Tx Rate or Transmission Rate refers to the transmission speed of the wireless communication channel from the perspective of the client device. Naturally, the higher the value, the faster the connection since more data can be sent from the client.

8. Rx Rate

Rx Rate or Receive Rate refers to the receiving speed of the wireless communication channel from the perspective of the client device. Naturally, the higher the value, the faster the connection since more data can be received by the client.

9. DFS

DFS or Dynamic Frequency Selection allows a wireless network to use 5GHz frequencies that are reserved for use by radar stations. Without this feature, ApPs are limited to the following 20 MHz channels:

  1. Channel 36
  2. Channel 40
  3. Channel 44
  4. Channel 48
  5. Channel 149
  6. Channel 153
  7. Channel 157
  8. Channel 161
  9. Channel 165

In environments such as an apartment building where multiple APs can be deployed, this can slow down network performance due to the increased wait time brought on by congestion.
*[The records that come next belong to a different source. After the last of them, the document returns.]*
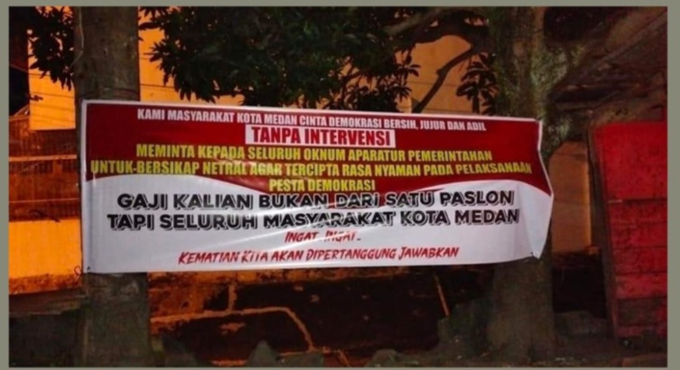 Salah satu spanduk yang terpampang di Jalan Lubuk Kuda misalnya, lokasinya tidak jauh dari Kantor Lurah Sei Kera Hulu, yang bertuliskan ‘Kami Masyarakat Kota Medan Cinta Demokrasi yang Jujur, Bersih dan Adil, Tanpa Intervensi, Meminta Aparatur Pemerintahan Untuk Bersikap Netral Agar Tercipta Rasa Nyaman Pada Pelaksanaan Pesta Demokrasi, Gaji Kalian Bukan Dari Salah Satu Paslon Tapi Dari Seluruh Masyarakat Kota Medan, Ingat Ingat Kematian Kita di Pertanggung Jawabkan’.
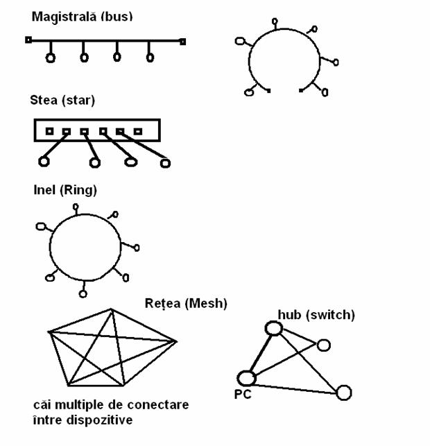 TOPOPLOGIE - amplasarea fizică a rețelei - modul de aranjare fizică a infrastructurii rețelei: calculatoare, dispozitive de conectare (punți, hub-uri, switch-uri), etc.
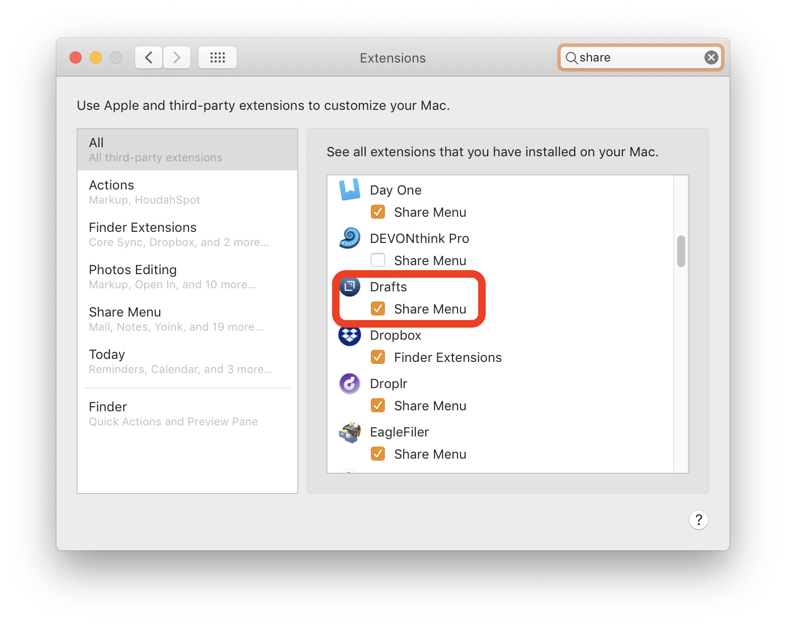 Hello, newbie here. I have installed draft on a new MacBook, but I am unable to see it in the share sheet. This is weird because it shows up on my old Macbook air. Any tips? I went in the system preference extension and Draft does not show up as an option. thank you.
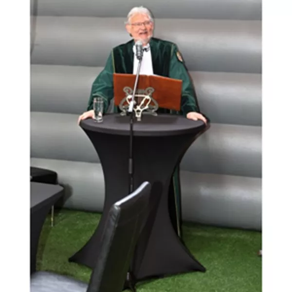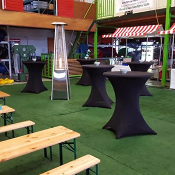 Rok met strik t.b.v. statafel met een diameter van 85 cm. Een mooie aanvulling op onze statafels. De rokken zijn behandeld met brandvertragend middel.
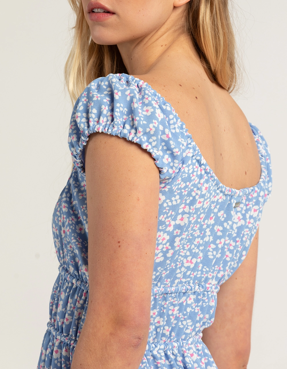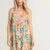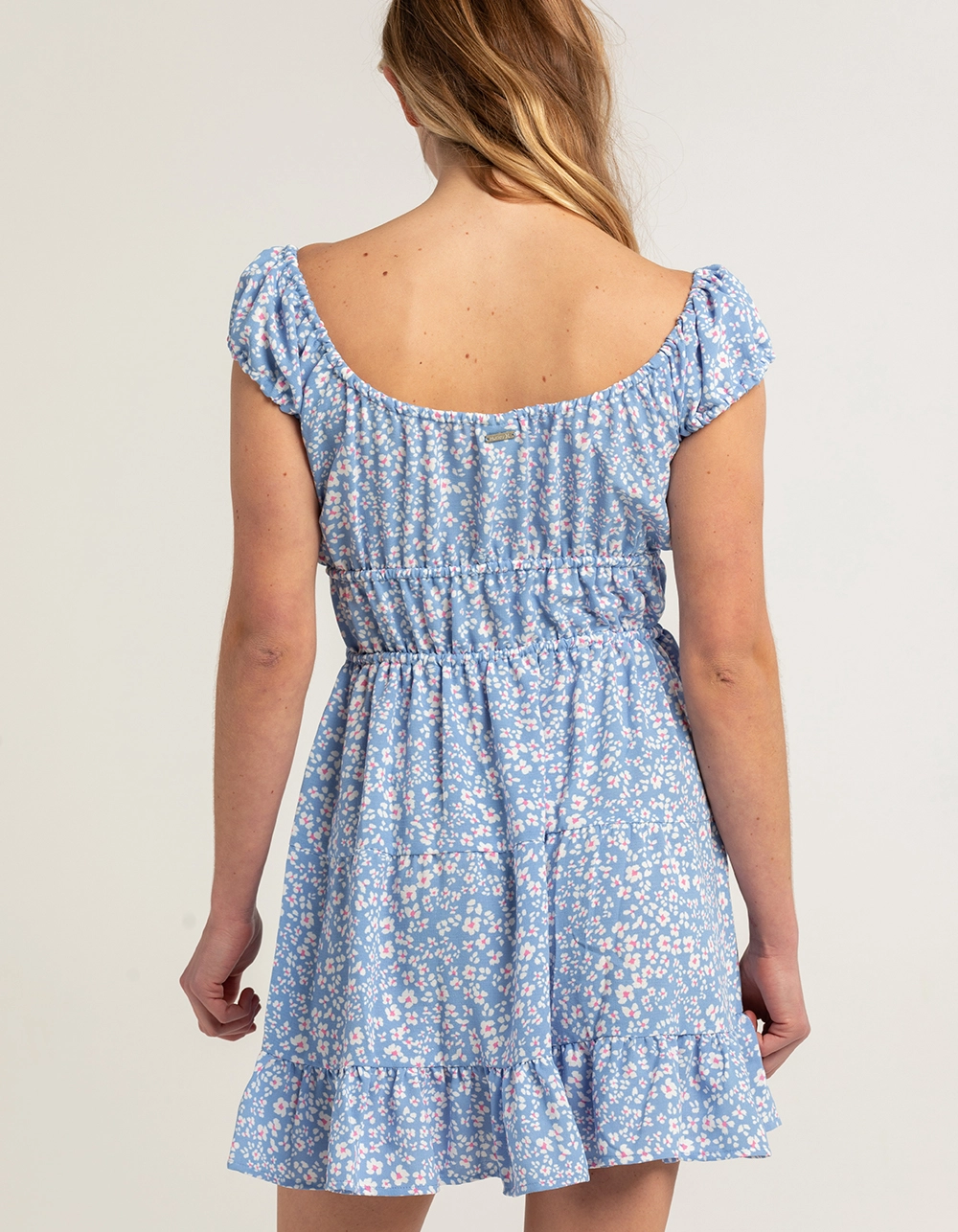 Hurley Ditsy Daze Mini Dress. Allover floral print. Elastic neckline. Dress can be worn on and off the shoulders. Elastic waist featuring ties to create a more cinched appearance. Ruffled hem. Approx. length: 33”. 100% Polyester. Machine wash. Imported.

With DFS, the issue of congestion is mostly resolved as APs can use 16 additional channels on the 5 GHz band, thus leading to improved performance. These 16 channels are known as DFS channels.

However, if there is a radar station nearby using any of the DFS channels, the AP will detect that and switch to one of the non-DFS channel. When that happens, client devices will temporarily lose internet connection while they re-establish connection.

10. MUBF

MUBF or Multi-User Beam-Forming is an extension of beam-forming to support multiple receiver devices.

And what is beam-forming then?

Beamforming is a technique that allows an AP to focus radio signals towards a receiver. The AP does this by transmitting multiple radio signals from its antenna array in a manner that results in both constructive and destructive radio interferences. The destructive radio interference will cancel the transmission in the directions that have no receiver while constructive radio interference will increase the power of the transmission towards the receiver, thus improving the transmission quality and range.